Moderate your caffeine intake
Limit your caffeine to 400 mg or less per day. Even though you’ll be consuming smaller amounts of caffeine, it can add up: remember to keep your overall daily caffeine intake to 400 mg of caffeine or less, as advised by the FDA. Some people may be more sensitive to caffeine than others, so if you think you have caffeine sensitivity, moderate your intake very carefully and reduce it accordingly.
Consult with your doctor. Some people may be at a heightened risk of high blood pressure or heart attack if they drink more than 200 mg of caffeine a day. If you fall into this category, consult with your doctor before changing your caffeine regimen. Pregnant women should also limit caffeine to 200 mg or less per day.

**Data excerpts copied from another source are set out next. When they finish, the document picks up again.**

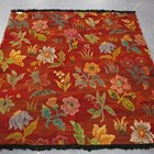 A French flatweave rug, 19th century, worked with overall flowerheads on a shaded red ground, 187cm x 164cm (probably from a larger section of tapestry).
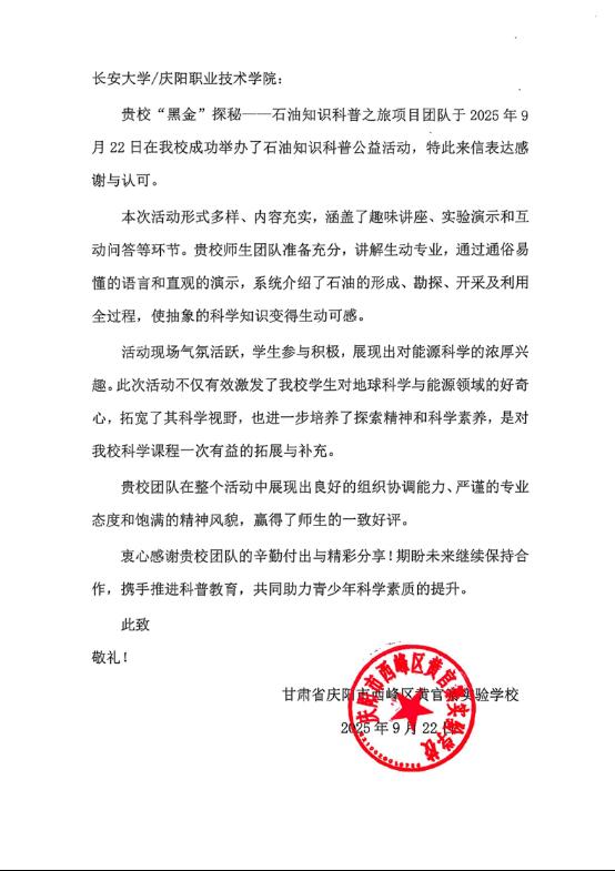 活动获得了积极反响,庆阳市西峰区黄官寨实验学校专门发来感谢信,对活动的组织成效与师生表现予以充分肯定。信中表示,本次活动“形式多样、内容充实、讲解生动专业”,使抽象的科学知识更易于理解,不仅激发了学生对地球科学与能源领域的兴趣,也有助于拓宽科学视野、培养探索精神与科学素养。来信特别提到,人兽性交
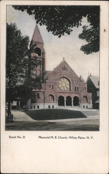 Front: Rosch No. 21 19 Memorial M. E. Church, White Plains. N. Y. Back: Post Card-- los th 3,00 TWO CENTS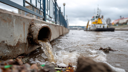 The image depicts a drain pipe discharging polluted water into a river, highlighting environmental concerns and urban challenges. A tugboat navigates the water under a cloudy sky.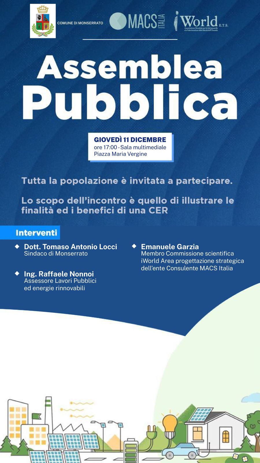 Tutta la popolazione è invitata a partecipare all'Assemblea Pubblica per Giovedì 11 dicembre ore 17:00 presso la sala multimediale in Piazza Maria Vergine (Monserrato).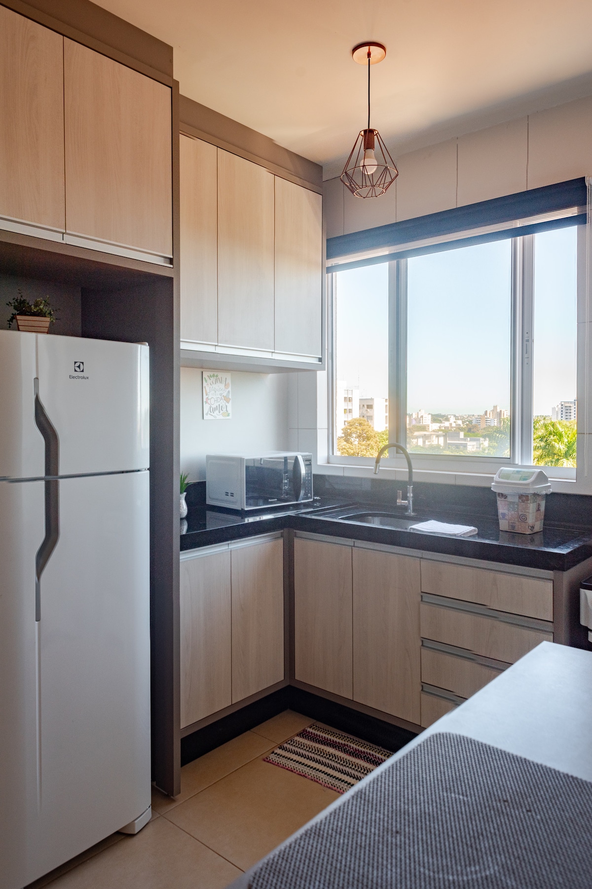 Laipni lūdzam jūsu sapņu dzīvoklī! Ideāli piemērots tiem, kuri vēlas baudīt unikālu pieredzi Maringā. Izsmalcināts dizains, absolūts komforts un iekārtojums, kas liek justies kā žurnāla fotosesijā. ✨ Aktualitātes, kas jums patiks: Gleznains skats uz pilsētu PILNĪGI aprīkota virtuve ar jaunām ierīcēm: plīts virsma, mikroviļņu krāsns, tirkīzzils retro ledusskapis un pat veļasmašīna un žāvētājs Ar ainavisku apgaismojumu, lielu televizoru, dīvānu un divguļamo gultu, jaudīgu gaisa kondicionieri Spilgti pilsētas mākslas darbi, kas padara vidi unikālu

Don’t consume caffeine within 6-8 hours of your bedtime. Caffeine has a half-life of 5 hours, meaning if you consume 100 mg at 5 pm, you’ll still have 50mg in your system at 10 pm. While the American Academy of Sleep Medicine recommends that you don’t consume caffeine at least 6 hours before bedtime, if you have a typical overnight sleep schedule, it’s safest to cut off your caffeine intake by 2 pm. And, if you do drink caffeine later in your day, consider making it your smallest dose.